• [Required work]
The material below is to be copied exactly from the line with "フロントフォーク用のロワリングキットです。 純正フォークはそのままに、 中のスプリングを交換する事でローダウンが可能になります。" up to and including the line with "春夏新款蝴蝶结气质上衣显瘦高腰微喇裤修身西裤直筒裤开叉套装潮", with nothing else kept and no pictures.

• [Entries supplied]
· · · · ·
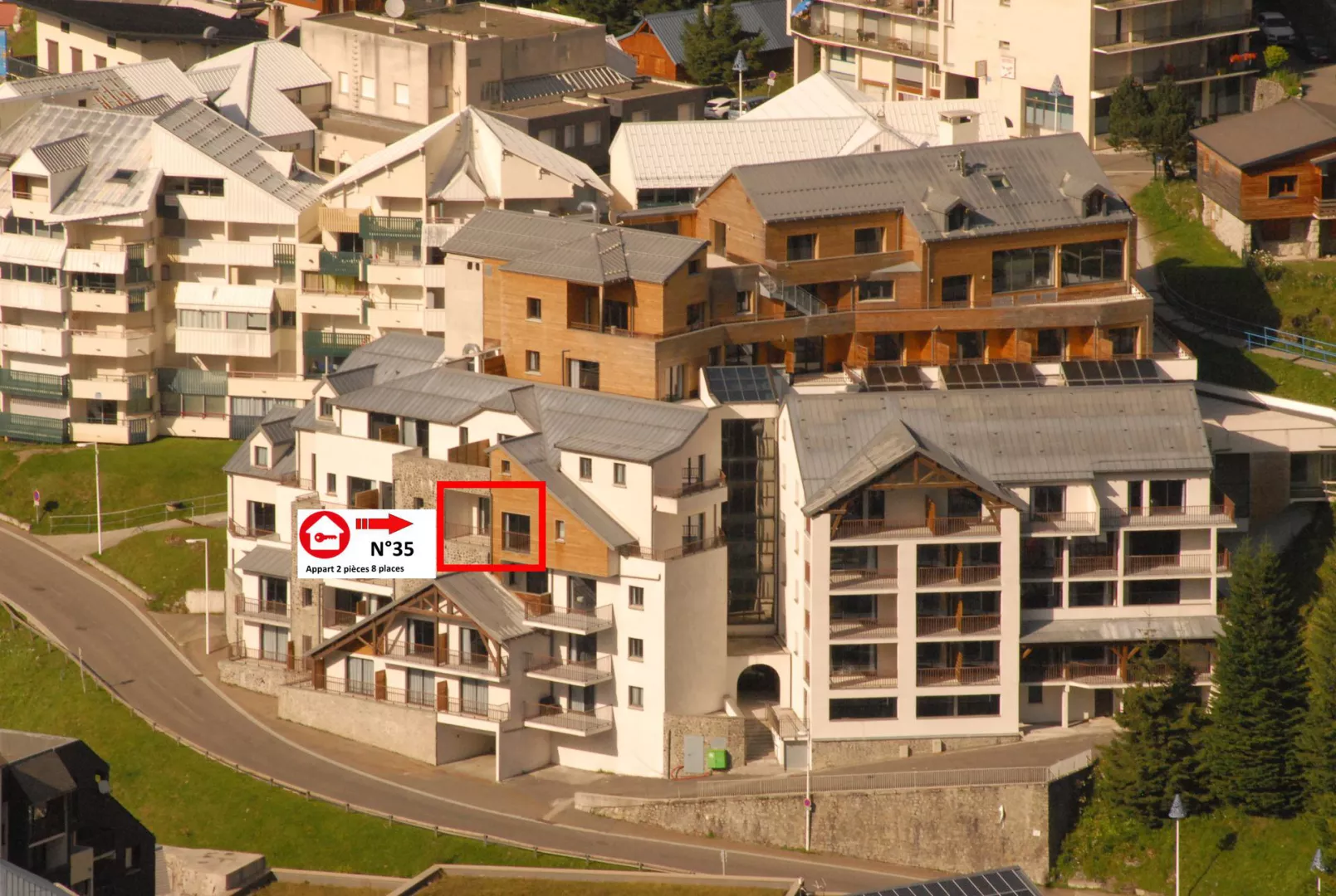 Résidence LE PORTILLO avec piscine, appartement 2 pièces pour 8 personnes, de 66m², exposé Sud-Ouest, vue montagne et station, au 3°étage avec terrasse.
· · · · ·
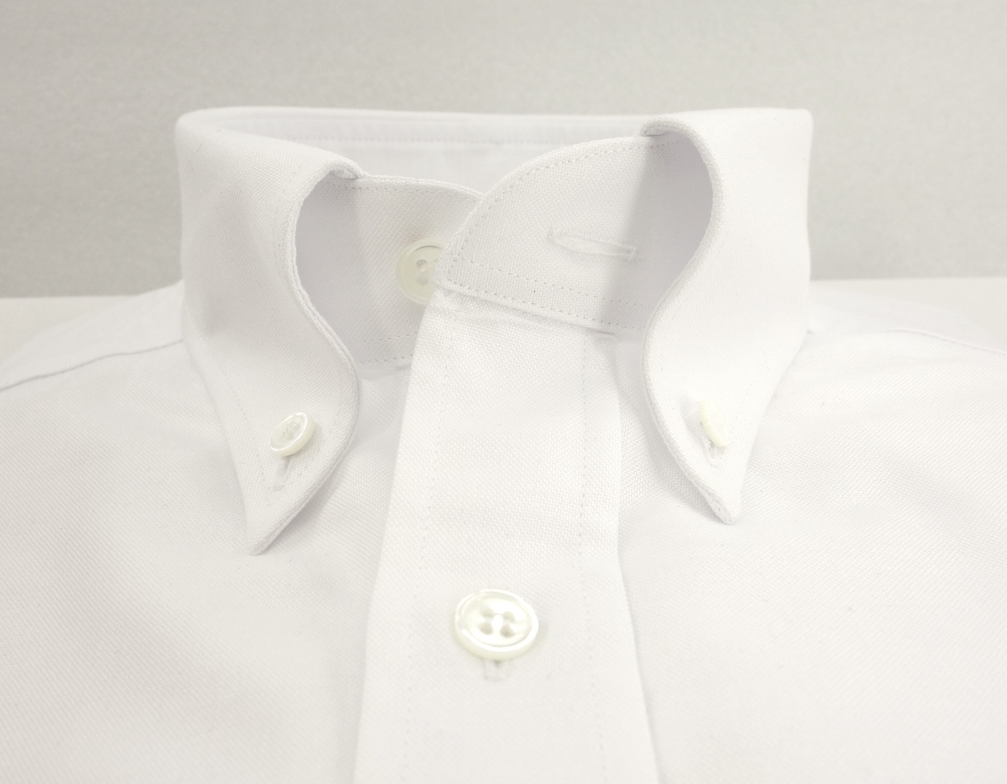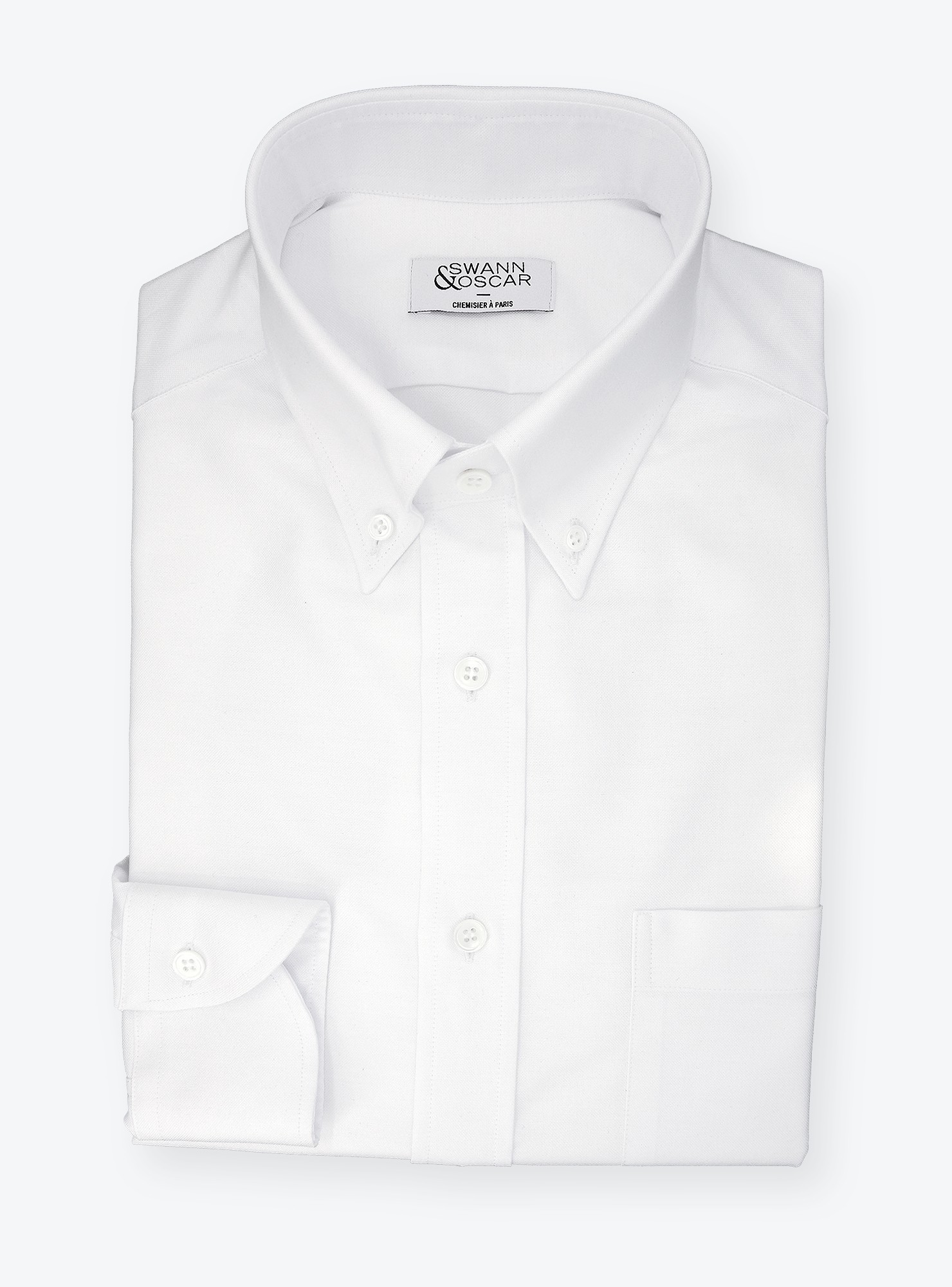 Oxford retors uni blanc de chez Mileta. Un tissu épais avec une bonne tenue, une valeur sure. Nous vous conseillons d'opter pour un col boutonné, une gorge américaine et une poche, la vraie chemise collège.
· · · · ·
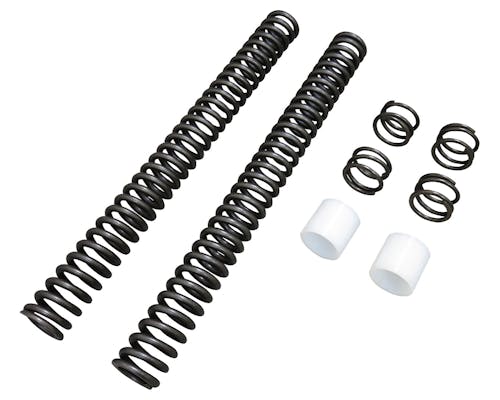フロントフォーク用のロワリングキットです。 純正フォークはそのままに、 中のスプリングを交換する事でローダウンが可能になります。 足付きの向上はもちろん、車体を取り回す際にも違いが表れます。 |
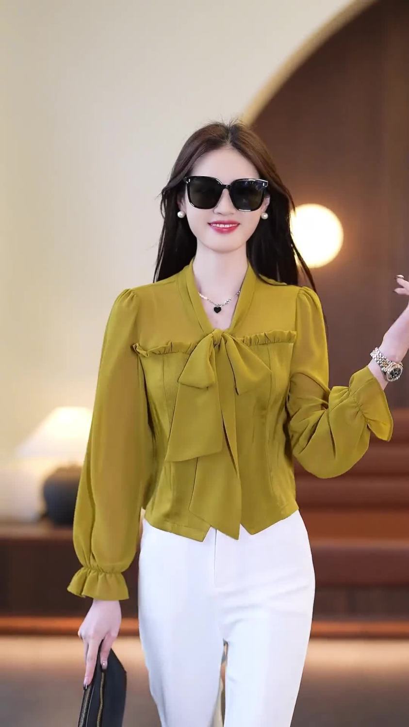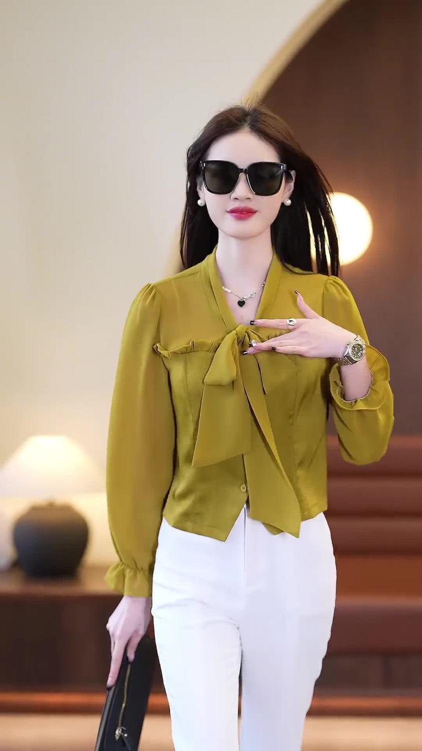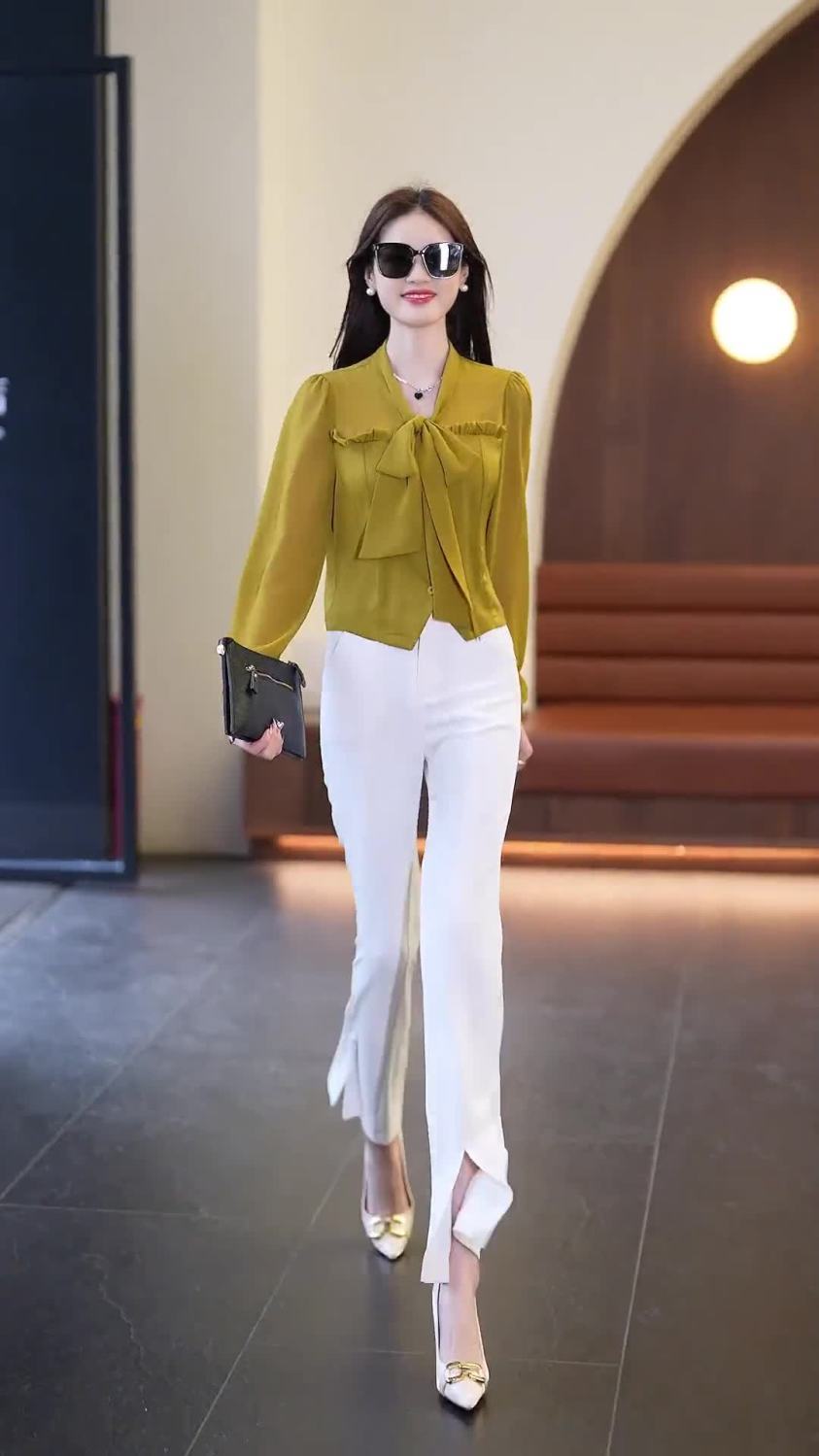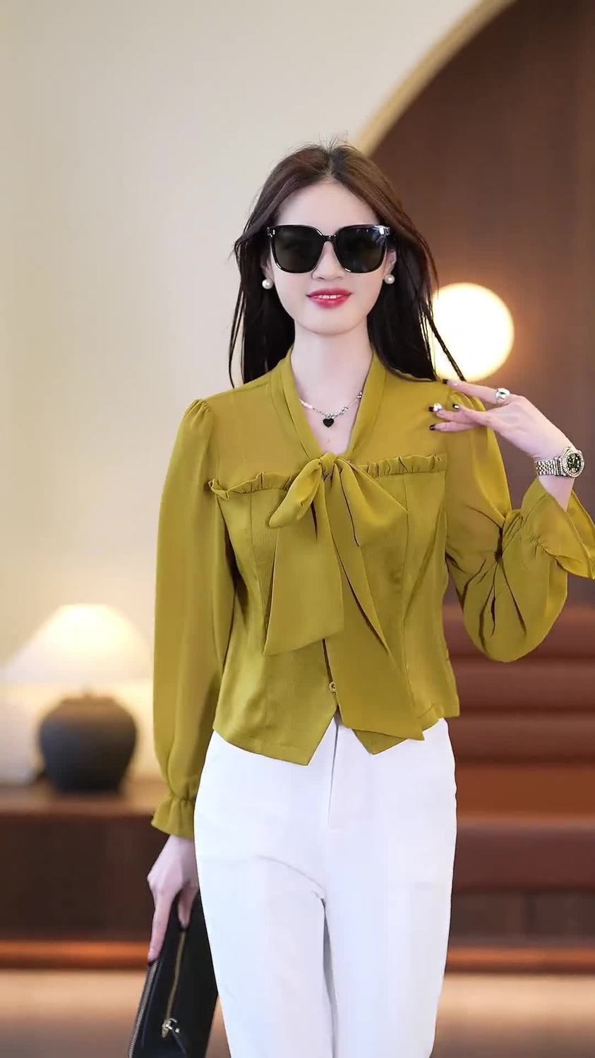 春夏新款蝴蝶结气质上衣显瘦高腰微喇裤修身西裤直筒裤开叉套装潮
· · · · ·
• [Task result]
フロントフォーク用のロワリングキットです。 純正フォークはそのままに、 中のスプリングを交換する事でローダウンが可能になります。 足付きの向上はもちろん、車体を取り回す際にも違いが表れます。 |
 春夏新款蝴蝶结气质上衣显瘦高腰微喇裤修身西裤直筒裤开叉套装潮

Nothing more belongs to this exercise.